このような問題が、個人対個人や家族対家族間の主張(しゅちょう)の違いであるときには、第三者(だいさんしゃ)である人の仲裁(ちゅうさい)によって、誰の所有かを政治的に決定することはできます。例えば、村の村長が決めるなどです。しかし、それが大きな人間の集団と集団との間の主張の違いになると、問題は簡単には解決できません。個人間の場合であれば、「第三者」に当たる、異なる主張をする二人のどちらとも関係が薄く、中立的な立場で判断ができる人を見つけることは可能です。しかし、大きな集団同士の争(あらそ)いごとでは、そのような中立的(ちゅうりつてき)な立場に立てる人間が見つかりにくいからです。
このような問題について、できるだけ多くの人々の納得(なっとく)が得られるように解決する方法の必要性に、我々人間の祖先達は直面しました。そして、1つの基本的な決まりごとに従うことができる集団、そしてその決まりごとを個々の集団の決まりごととして受け入れられる集団の集まりを作るようになりました。個々の集団における決まりごとは、細(こま)かく決めることができますが、集団の集まりの大きさが大きくなってくると、全体の決まりごとを細かく決めると、決まりごとの数がどんどん多くなるので、決まりごとの表現は、簡単にして、基本的な考えだけを決めるようになります。

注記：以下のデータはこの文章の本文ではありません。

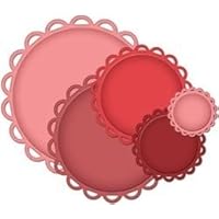 Coordinating with Standard Circles, these Decorative Elements Nestabilities feature a scalloped edge with a half circle cut out of each scallop.The cuts create the look of delicate lace. This five piece set nests for elegant frames or can be used individually, with stamped images or embellishments in the center circle.Spellbinders Nestabilities cut, emboss and stencil with a single die template. Approximate die template sizes are 1-5/8", 1-7/8", 2-5/8", 3-3/8" and 4-1/4".
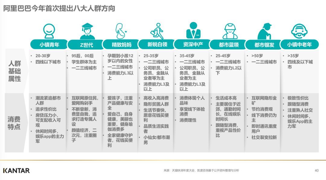 如果说以资深白领(包含精致妈妈)、新锐白领为代表的人群是目前的“中坚力量”,那么以Z世代和小镇青年为代表的人群就是正在爆发的“新势力”,都市银发、小镇中老年人群则是蓝海市场。
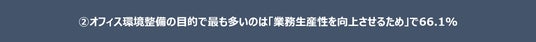 2.オフィス環境整備の目的で最も多いのは「業務生産性を向上させるため」で66.1%
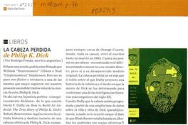 La cabeza perdida de Philip K. Dick. [artículo] Rodrigo Fresan Qué Pasa (Revista : Santiago, Chile)-- nº 2157 (ago. 2012), p. 76 .
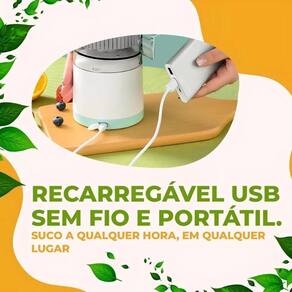 - Maior rendimento do suco: Com um sistema de velocidade lenta. Ele fornece o sabor puro da fruta. - Fácil de usar e limpar: Tudo destacável para fácil separação e limpeza. - Recarregável USB, sem fio e portátil. Suco a qualquer hora, em qualquer lugar. - Faça suco usando apenas um botão, economize tempo e esforço, sem necessidade de utilizar as mãos. - Espreme em todas as direções 360, separação de resíduos, maior rendimento de suco. - Não apenas laranjas, mas também maçãs, romãs e peras podem ser cortadas ao meio para fazer suco.
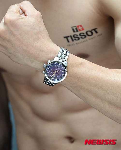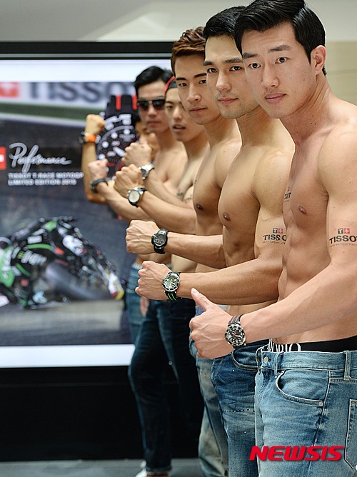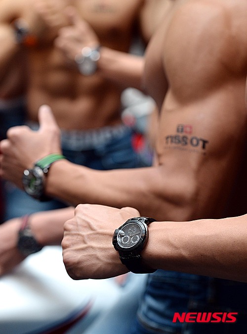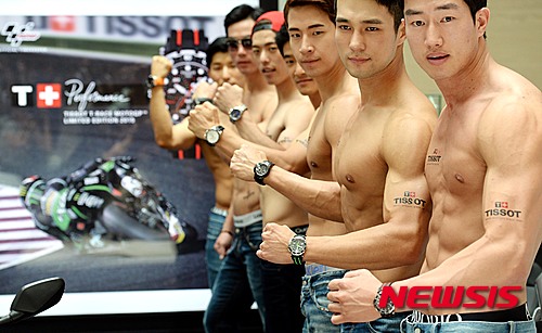 ソウル市永登浦区汝矣島洞のIFCモールで10日午前、スイスの時計ブランド「TISSOT」が2015年T-RACE MotoGPリミテッド・エディションの発売記念イベントを行い、クールガイに選ばれた男性たちがこれをPRした。
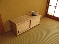 それを戸棚に取り入れてみたのがこの小さな戸棚です。戸棚といっても、小さな飾り棚とか、置床といった風情でしょうか。

このようにして人間の祖先達が作り始めた制度が、「社会」です。そのような社会には、一組の決まりごとを明確に示した「法(ほう)」が作られます。古代バビロニアのハムラビ王が決めた、「ハムラビ法」は、そのようなもっとも古い「法」の一つと言えます。少なくとも、ハムラビ王が治(おさ)めていたハムラビ王国の社会では、その社会に属(ぞく)する人々は、「ハムラビ法」に示された決まりごとに従って、争(あらそ)い事を収(おさ)めなければなりませんでした。このような制度(せいど)を作り出すことで、人間の祖先達は、他の動物では作ることのできない巨大な集団を作り出すことができたのです。